Happy 100th Birthday Gilman Hall

Gilman hall 1909 concept sketch

image: 1909 conceptual sketch of Gilman Hall by John Galen Howard, campus supervising architect, 1901-1922

Berkeley 150 logoAs we celebrate the campus sesquicentennial, Gilman Hall will officially turn 100 on March 22. It  was built between 1916 and 1917 to accommodate the growing College of Chemistry under the leadership of Gilbert N. Lewis  and inaugurated on March 22, 1918 during the University’s 50th anniversary.  Designed by campus architect John Galen Howard, the building provided research and teaching facilities for faculty and students specializing in physical, inorganic and nuclear chemistry. It was named for Daniel Coit Gilman, president of the University of California from 1872 to 1875.

Gilman is a classical three-story building with a red mission-tile roof.  Its north and south gabled end wings flank a central facade of nine bays, defined by a row of engaged Ionic columns rising from a plinth formed by the rusticated basement. Originally intended to be built in granite, Howard excepted defeat on the material allowing it to be done in concrete as Lewis wanted more space in the building. The building was later "mirrored" when the physics building, LeConte Hall was completed in 1923 across the way.

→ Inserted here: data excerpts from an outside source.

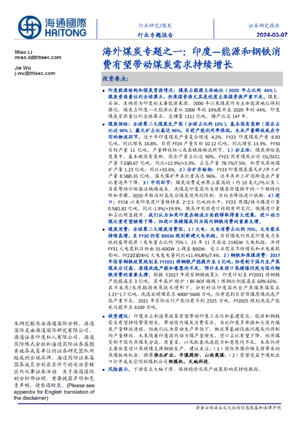 【海通国际】【20240307】海外煤炭专题之一-印度—能源和钢铁消费有望带动煤炭需求持续增长-39页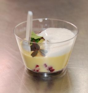 Une verrine avec crème de maïs, brunoise de betterave rouge et de mangue, oxalis et espuma de cardamome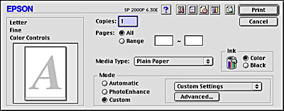 | Click the Custom button in the Print dialog box, then click the Advanced button. The Advanced dialog box appears. |

The building received National Historic Chemical Landmark status and was dedicated in November, 1997. Room 307 in the building’s “attic” (aka top floor) was declared a National Historic Landmark in 1966; it is where plutonium was identified as a new element in 1941 by Glenn T. Seaborg and his research team. In 1942, the Berkeley campus became quite involved in the war effort of World War II. The attic of Gilman Hall was fenced off for classified work in nuclear chemistry. Plutonium research in Gilman Hall was part of the Manhattan Project to develop the atomic bomb

Two Nobel Prizes in Chemistry have been awarded for research done in the building. The first went to William Giauque  in 1949 for his studies in the properties of matter at temperatures close to absolute zero. His work was done in his basement laboratory.  Seaborg received the second one in 1951 for discoveries in the transuranium elements. 

The Chemical Engineering Department (renamed Chemical and Biomolecular Engineering in 2010), housed in Gilman Hall, was officially recognized as a department of the college in 1957. Charles W. Tobias, the founding father of electrochemical engineering, and former professor and chair of the department, had both his office and lab in Gilman Hall.  His office was in the southwest corner on the first floor and his labs were at the north end of the attic on the west side.

Gilman Hall has been used continuously by the College of Chemistry for 100 years. Today it is occupied by the Department of Chemical Engineering. The most recent upgrade to the building has been the rennovation on the attic floor for the Pitzer Center for Theoretical Chemistry.

Image: Gilman Hall on the left and Physics North (formerly LeConte Hall) on the right. Physics North will be renamed in 2021.